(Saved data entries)
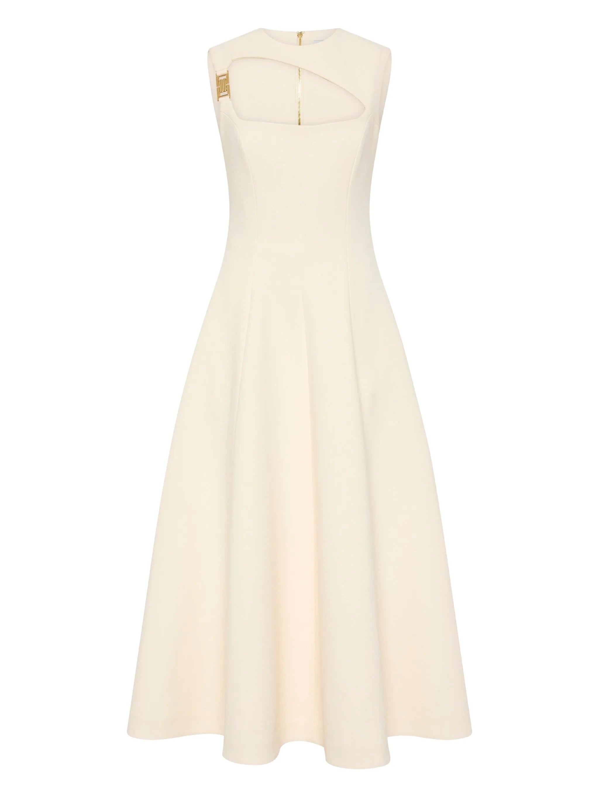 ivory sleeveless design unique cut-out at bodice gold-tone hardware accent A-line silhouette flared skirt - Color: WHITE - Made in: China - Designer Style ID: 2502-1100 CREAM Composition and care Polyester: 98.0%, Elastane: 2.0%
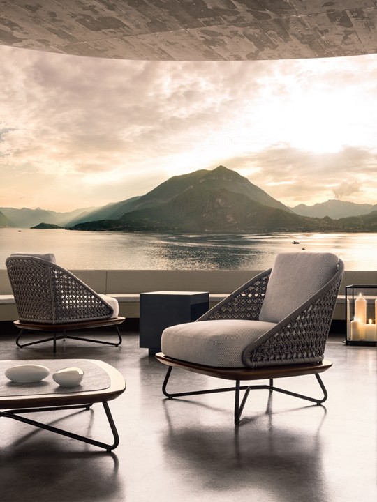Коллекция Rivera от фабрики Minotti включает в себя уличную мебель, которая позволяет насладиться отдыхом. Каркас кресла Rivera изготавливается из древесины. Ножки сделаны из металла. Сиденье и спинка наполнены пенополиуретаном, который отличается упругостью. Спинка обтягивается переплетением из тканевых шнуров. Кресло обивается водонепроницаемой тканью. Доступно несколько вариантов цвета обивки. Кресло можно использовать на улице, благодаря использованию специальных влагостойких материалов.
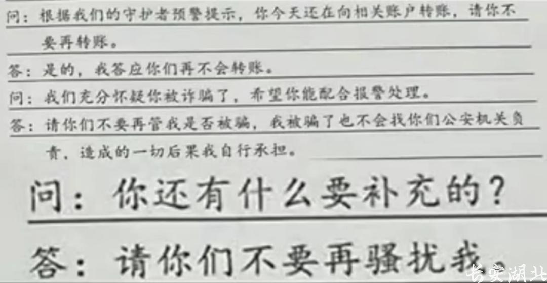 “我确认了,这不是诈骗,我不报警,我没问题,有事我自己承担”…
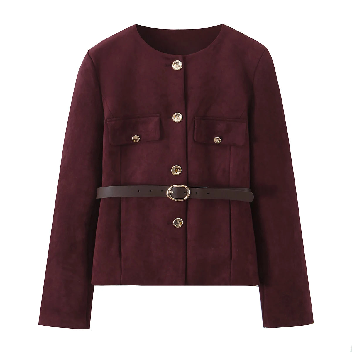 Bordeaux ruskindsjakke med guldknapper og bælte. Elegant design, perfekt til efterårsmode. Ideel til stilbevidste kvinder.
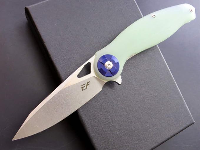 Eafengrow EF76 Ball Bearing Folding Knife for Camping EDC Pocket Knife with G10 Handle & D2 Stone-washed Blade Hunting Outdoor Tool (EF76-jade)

> WHAT IS BEING ASKED
When copying the entries, drop the images and keep every line exact.

> RESPONSE TO THIS EXERCISE
 ivory sleeveless design unique cut-out at bodice gold-tone hardware accent A-line silhouette flared skirt - Color: WHITE - Made in: China - Designer Style ID: 2502-1100 CREAM Composition and care Polyester: 98.0%, Elastane: 2.0%
Коллекция Rivera от фабрики Minotti включает в себя уличную мебель, которая позволяет насладиться отдыхом. Каркас кресла Rivera изготавливается из древесины. Ножки сделаны из металла. Сиденье и спинка наполнены пенополиуретаном, который отличается упругостью. Спинка обтягивается переплетением из тканевых шнуров. Кресло обивается водонепроницаемой тканью. Доступно несколько вариантов цвета обивки. Кресло можно использовать на улице, благодаря использованию специальных влагостойких материалов.
 “我确认了,这不是诈骗,我不报警,我没问题,有事我自己承担”…
 Bordeaux ruskindsjakke med guldknapper og bælte. Elegant design, perfekt til efterårsmode. Ideel til stilbevidste kvinder.
 Eafengrow EF76 Ball Bearing Folding Knife for Camping EDC Pocket Knife with G10 Handle & D2 Stone-washed Blade Hunting Outdoor Tool (EF76-jade)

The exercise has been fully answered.